#### [EXERCISE DESCRIPTION]
Go to the line holding "掃除をする女性 セット" in the data below and repeat it exactly, then each line after it up to and including the one holding "滔滔的江流卷起千万堆澎湃的雪浪 E. 把读者顿时带进一个幽美静谧的境界". Omit pictures.

#### [GIVEN INFORMATION]
BEGIN

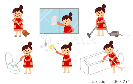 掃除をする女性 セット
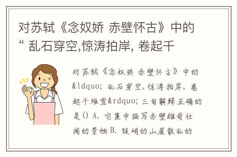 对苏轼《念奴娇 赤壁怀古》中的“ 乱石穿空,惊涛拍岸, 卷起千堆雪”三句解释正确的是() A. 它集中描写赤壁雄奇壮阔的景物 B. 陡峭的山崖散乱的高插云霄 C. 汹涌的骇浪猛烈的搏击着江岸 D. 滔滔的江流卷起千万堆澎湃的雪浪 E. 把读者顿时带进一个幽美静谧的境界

END
BEGIN

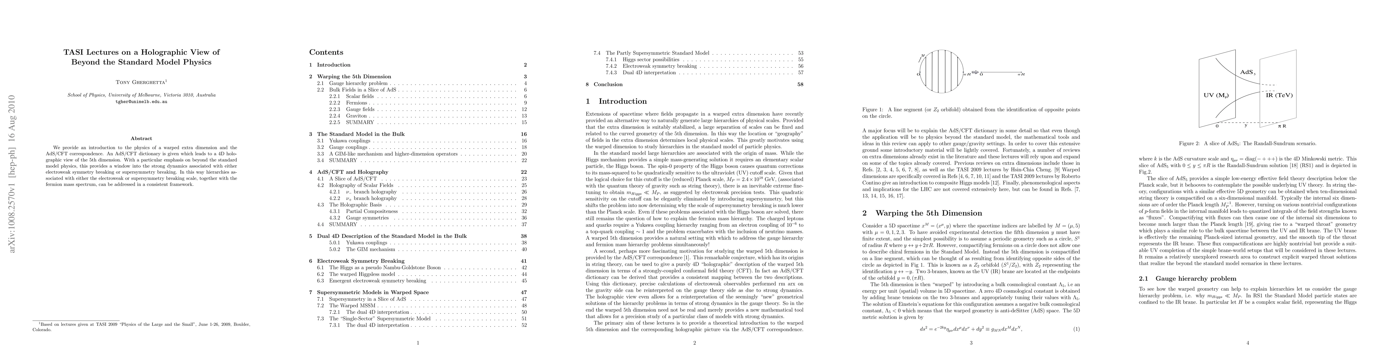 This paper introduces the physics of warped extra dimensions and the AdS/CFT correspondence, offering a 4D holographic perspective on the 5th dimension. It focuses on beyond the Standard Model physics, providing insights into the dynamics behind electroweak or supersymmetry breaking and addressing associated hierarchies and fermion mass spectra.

END
BEGIN

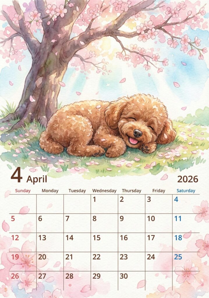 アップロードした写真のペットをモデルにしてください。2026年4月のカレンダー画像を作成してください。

END

#### [EXERCISE RESULT]
 掃除をする女性 セット
 对苏轼《念奴娇 赤壁怀古》中的“ 乱石穿空,惊涛拍岸, 卷起千堆雪”三句解释正确的是() A. 它集中描写赤壁雄奇壮阔的景物 B. 陡峭的山崖散乱的高插云霄 C. 汹涌的骇浪猛烈的搏击着江岸 D. 滔滔的江流卷起千万堆澎湃的雪浪 E. 把读者顿时带进一个幽美静谧的境界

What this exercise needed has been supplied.